GeorgeC
07-22-2002, 08:42 AM
This may sound like a silly question, but from people's experience, is gzip a reliable compression method for outputting any kind of page, or just one composed mostly of text/images? I ask this because I'm thinking of enabling gzip on our site dynamicdrive.com, which consists of sample DHTML (JavaScript) codes throughout its pages. I hate to have gzip mess things up in some browsers.
Thanks,
infinite
07-22-2002, 02:47 PM
Originally posted by GeorgeC
This may sound like a silly question, but from people's experience, is gzip a reliable compression method for outputting any kind of page, or just one composed mostly of text/images? I ask this because I'm thinking of enabling gzip on our site dynamicdrive.com, which consists of sample DHTML (JavaScript) codes throughout its pages. I hate to have gzip mess things up in some browsers.
Thanks,
It won't make much difference to image files it they are already compressed. It's usually just used on text files. Having it on image files may create a high load on your server, and isn't recommended ;). It will only work with browsers that accept the encoding, so it shouldn't mess up other browsers, it should be fine with any text file. Why not try it out on certian directorys only to start with?
HTH,
Infinite ;)
esdjco
07-22-2002, 07:30 PM
Just don't use it for images and you should be good to go. I believe it isn't to hard to do for simple html pages.
GeorgeC
07-22-2002, 07:46 PM
Originally posted by infinite
Why not try it out on certian directorys only to start with?
HTH,
Infinite ;)
Thanks for the info. Unfortuantely I don't have the luxury of testing it out, as my current host doesn't support it, and the new host I'm looking to move to has gzip installed by default.
infinite
07-23-2002, 04:49 PM
Originally posted by GeorgeC
Thanks for the info. Unfortuantely I don't have the luxury of testing it out, as my current host doesn't support it, and the new host I'm looking to move to has gzip installed by default.
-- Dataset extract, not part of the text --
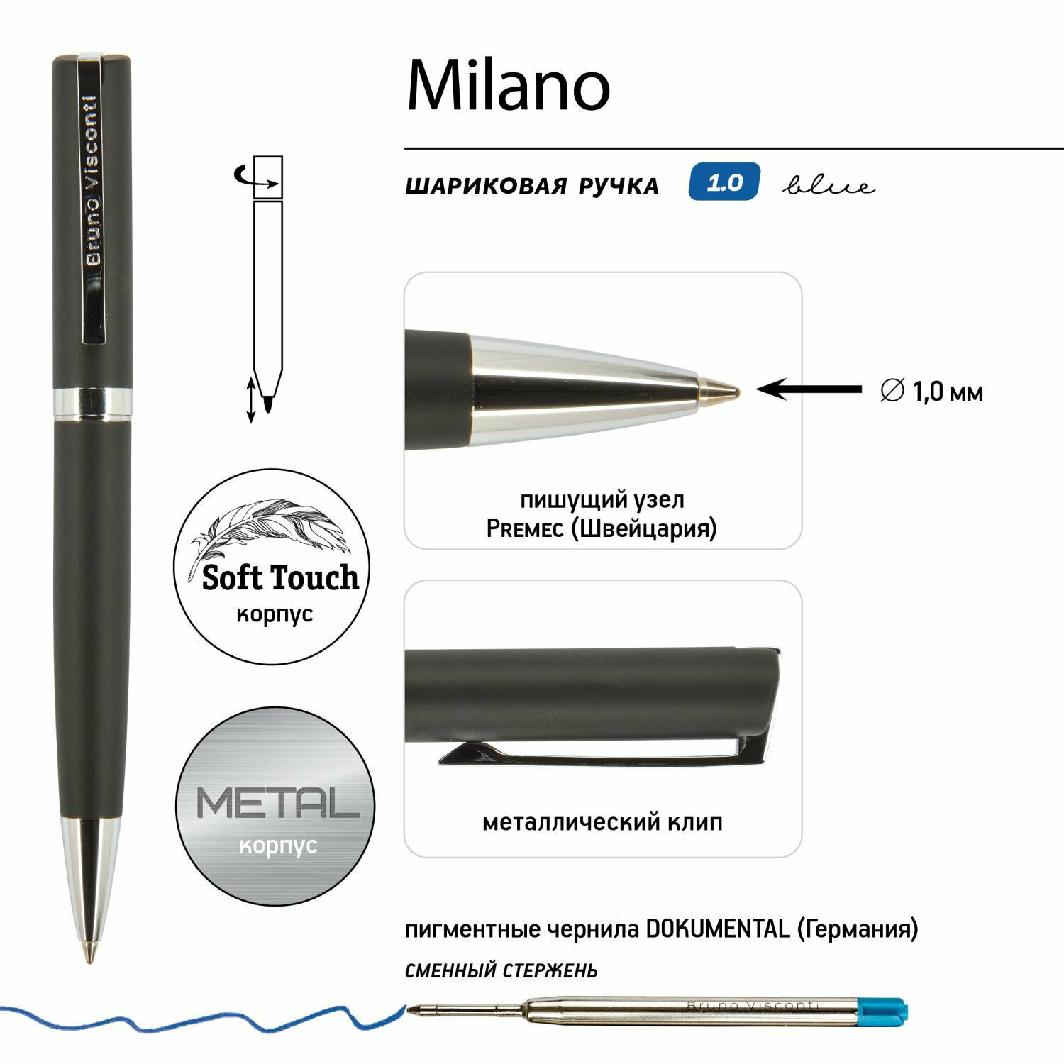 Ручка «Milano» шариковая автоматическая, Чёрный металлический корпус, 1 мм, Синяя интересное: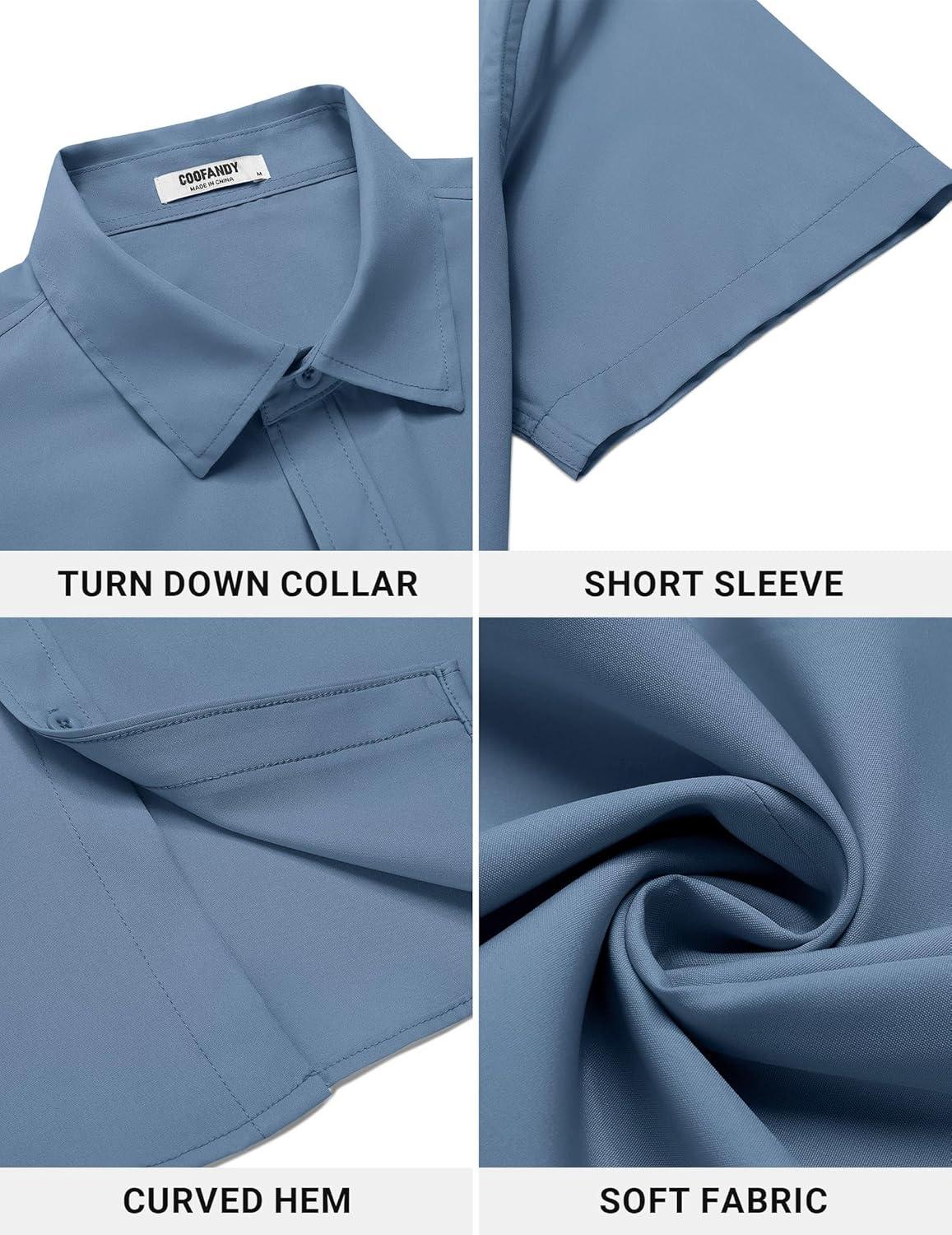 COOFANDY Men's Button Down Shirt Short Sleeve Dress Shirt Casual Beach Summer Wedding Shirt(Grey Blue)

If you can use php, there is a way, you can find an example on php.net, I think. It's not mod_gzip, but it will achive the same effect :) (zlib compression link (http://www.php.net/manual/en/ref.zlib.php) )
Or you could do it this way ;; You can redirect all of the output of your scripts to a function. For
; example, if you set output_handler to "ob_gzhandler", output will be
; transparently compressed for browsers that support gzip or deflate encoding.
; Setting an output handler automatically turns on output buffering.
;output_handler =
output_handler = ob_gzhandler But I can't see how you can do it simply, without using mod_gzip ;)
HTH,
Infinite :D
Ahmad
07-23-2002, 06:50 PM
mod_gzip is very good for text.
Including HTML, JavaScript, CSS .. etc.
It will reduce your bandwith usage, probably to a great extent.
Running it on images will be a waste of CPU cycles, but that's your hosts job to configure.